Kirchenhistoriker für Abschaffung des Zölibats

Der Kirchenhistoriker Hubert Wolf stellt das Zölibat von Priestern in Frage. Er argumentiert mit der Geschichte der Katholischen Kirche, dem Gebot Jesu und dem Schutz von Kindern und Jugendlichen.
Von PRO
Priesterweihe in der Schweizer Stadt Schwyz

Der Kirchenhistoriker Hubert Wolf von der Universität Münster argumentiert in der Frankfurter Allgemeinen Zeitung, dass es in den vergangenen 2.000 Jahren Kirchengeschichte keine durchgängige Begründung für das Zölibat von Priestern gibt. Dagegen gebe es heute plausible Gründe, das Zölibat abzuschaffen.

Er führt das Gebot Jesu an, so oft wie möglich das Abendmahl zu feiern. Das werde durch das Zölibat erschwert, weil es heute einer der Hauptgründe für Männer sei, nicht Priester zu werden. Außerdem sei der Schutz von Kindern und Jugendlichen in der Gesellschaft enorm wichtig. Für Wolf ist das Zölibat zwar nicht die Ursache für Missbrauchsfälle, aber doch ein „entscheidender Risikofaktor“.

Die Verbindung von Zölibat und priesterlichem Amt sei weder eine Vorschrift göttlichen Rechts noch ein Gebot Christi oder eine apostolische Anordnung. Der Historiker Wolf sieht in der Geschichte der Katholischen Kirche kein Dogma für eine zölibatäre Lebensform, die lediglich als dem Priestertum „angemessen“ bezeichnet worden ist. Dazu zitiert er auch aus dem Zweiten Vatikanischen Konzil der 1960er-Jahre, dass „die vollkommene und ständige Enthaltsamkeit um des Himmelsreich willen […] nicht vom Wesen des Priestertums selbst gefordert“ ist.

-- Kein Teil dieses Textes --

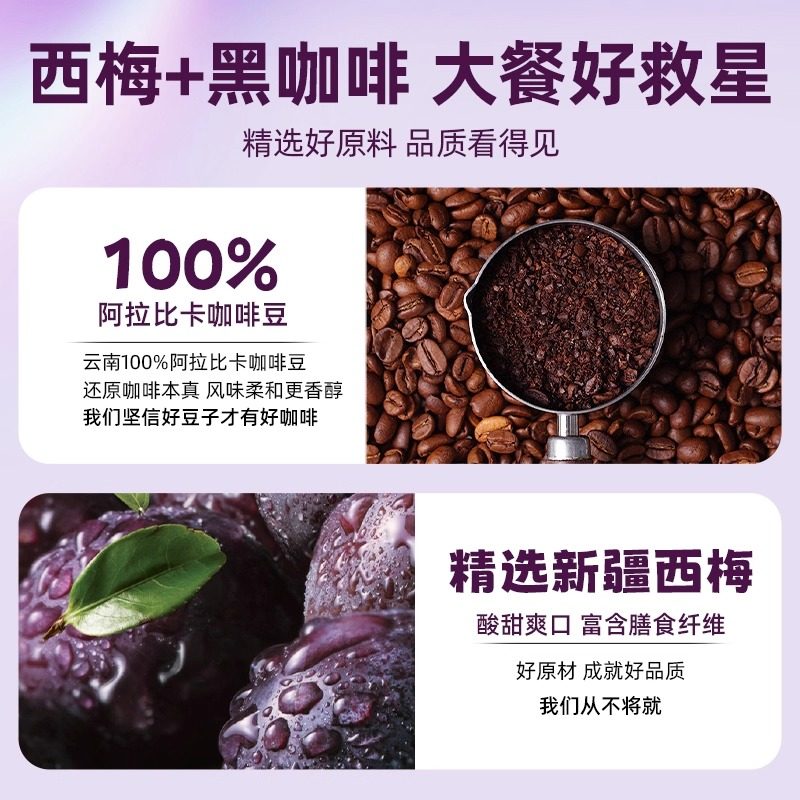 西梅黑咖啡无糖0脂减燃肥脂提高代谢暴美式速溶瘦加强官方旗舰店

Argumente für Zölibat haben „begrenzte Halbwertszeit“

Die wechselnden Argumente für das Zölibat hatten in der Kirchengeschichte laut Wolf nur eine „begrenzte Halbwertszeit“. Er zählt auf: die kultische Reinheit des Priesters bei der Darbringung von Opfern; das Ideal des asketischen Priesters, das nicht auf Jesus, sondern die spätantike Philosophie zurückgehe; die ökonomischen Wurzeln, die sicherstellen sollten, dass Geistliche ihre Kirchengüter nicht an ihre Kinder vererben können; sowie das theologisch veraltete negative Bild menschlicher Sexualität, in dem sogar die Ehe als etwas Verwerfliches angesehen wurde.

Mit Blick auf die Kirchengeschichte sei die Entscheidung für oder gegen das Zölibat nie absolut gewesen. Sie sei das Resultat von Güterabwägungen. „Wenn in der Katholischen Kirche nach einer gründlichen Güterabwägung die Weihe verheirateter Männer zu Priestern vorgeschlagen würde, dann stünde man damit durchaus auf dem Boden der Tradition“, sagt Wolf. Er hat zum Thema das Buch „Zölibat. 16 Thesen“ geschrieben, das am 16. Juli erscheint.